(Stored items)

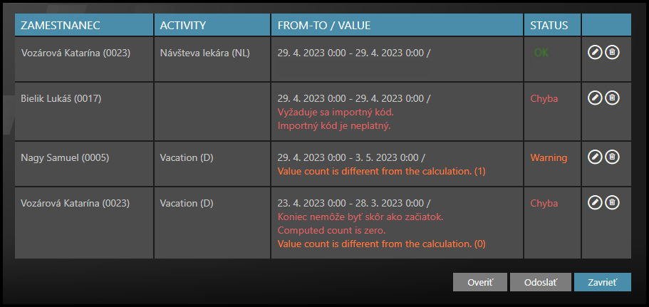 - ERROR – chyba zobrazená červenou farbou – tento riadok nie je možné importovať – tlačidlá Overiť a Odoslať sú preto sivé a nefungujú. Pozrite si popis chyby. Riadok musíte upraviť alebo odstrániť.
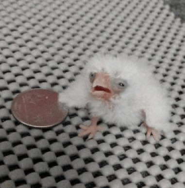 Përshkrimi i përmbajtjes: a baby bird is sitting next to a small coin on a checkered blanket .
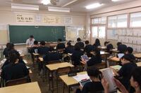 1組「英語」:最初、リスニング。結構難しい問題でしたが、みんなできていてビックリ。その後、What time do you ~? を使って、先生やペアの1日の生活時間を尋ねました。2組「数学」:いろいろな一次方程式。カッコが含まれていたり、小数、分数が含まれていたり・・・。全体的に苦戦している感じがしましたが、なんとか解こうと頑張っていました。3組「国語」:テスト前ということもあり、ワーク、プリント、タブレット問題への取組。一人一人、自分の計画にしたがって、自分のペースで学習を進めていました。どのクラスも、学習に向かう姿勢が素晴らしかったです。テストに向けて、頑張ってください!
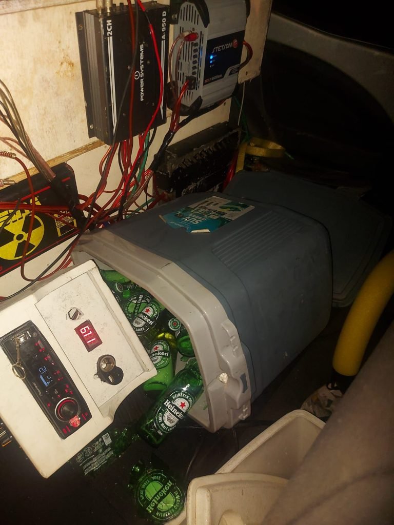 No interior do veículo, foram encontradas diversas garrafas de bebida alcoólica. O condutor, que não possuía habilitação, se recusou a realizar o teste de alcoolemia, mas diante do visível estado de embriaguez, foi confeccionado um termo de constatação.
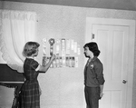 Regina shows a friend, Sharon Brown, show ribbons won with the beef calves which Regina fed as 4-H projects.
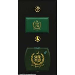 Gold 500 Rupees 1976, KM43, Proof in the original green presentation case, struck for the 100th anniversary of the birth of Mohammed Ali Jinnah, plus 500 Rupees 1977 KM49, Proof in the green presentation wallet, struck for the 100th anniversary of the birth of Allama Mohammed Iqbal. 2 coins Important notice: We expect to be auctioning lots at the rate of 200-250 per hour. Sometimes eBay Premier live bid software cannot keep up with that pace, so we strongly recommend that you place a realistic proxy bid now as insurance to avoid disappointment. Also please note that all Heritage/CAA lots purchased through eBay Premier carry a 20% Buyer's Premium. Please make sure you read the Terms and Conditions.
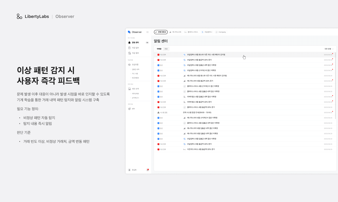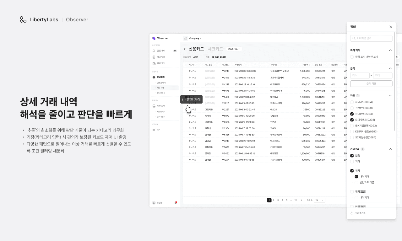 자회사에서 일어나는 현금 흐름을 온전히 보존하고 적시에 이상 징후를 감지할 수 있는 현금/카드 사용 내역 관리 및 이상 거래 탐지 시스템 구축

> **Work instructions**
Restate each entry word for word, leaving out any pictures.

> **Response area**
 - ERROR – chyba zobrazená červenou farbou – tento riadok nie je možné importovať – tlačidlá Overiť a Odoslať sú preto sivé a nefungujú. Pozrite si popis chyby. Riadok musíte upraviť alebo odstrániť.
 Përshkrimi i përmbajtjes: a baby bird is sitting next to a small coin on a checkered blanket .
 1組「英語」:最初、リスニング。結構難しい問題でしたが、みんなできていてビックリ。その後、What time do you ~? を使って、先生やペアの1日の生活時間を尋ねました。2組「数学」:いろいろな一次方程式。カッコが含まれていたり、小数、分数が含まれていたり・・・。全体的に苦戦している感じがしましたが、なんとか解こうと頑張っていました。3組「国語」:テスト前ということもあり、ワーク、プリント、タブレット問題への取組。一人一人、自分の計画にしたがって、自分のペースで学習を進めていました。どのクラスも、学習に向かう姿勢が素晴らしかったです。テストに向けて、頑張ってください!
 No interior do veículo, foram encontradas diversas garrafas de bebida alcoólica. O condutor, que não possuía habilitação, se recusou a realizar o teste de alcoolemia, mas diante do visível estado de embriaguez, foi confeccionado um termo de constatação.
 Regina shows a friend, Sharon Brown, show ribbons won with the beef calves which Regina fed as 4-H projects.
 Gold 500 Rupees 1976, KM43, Proof in the original green presentation case, struck for the 100th anniversary of the birth of Mohammed Ali Jinnah, plus 500 Rupees 1977 KM49, Proof in the green presentation wallet, struck for the 100th anniversary of the birth of Allama Mohammed Iqbal. 2 coins Important notice: We expect to be auctioning lots at the rate of 200-250 per hour. Sometimes eBay Premier live bid software cannot keep up with that pace, so we strongly recommend that you place a realistic proxy bid now as insurance to avoid disappointment. Also please note that all Heritage/CAA lots purchased through eBay Premier carry a 20% Buyer's Premium. Please make sure you read the Terms and Conditions.
 자회사에서 일어나는 현금 흐름을 온전히 보존하고 적시에 이상 징후를 감지할 수 있는 현금/카드 사용 내역 관리 및 이상 거래 탐지 시스템 구축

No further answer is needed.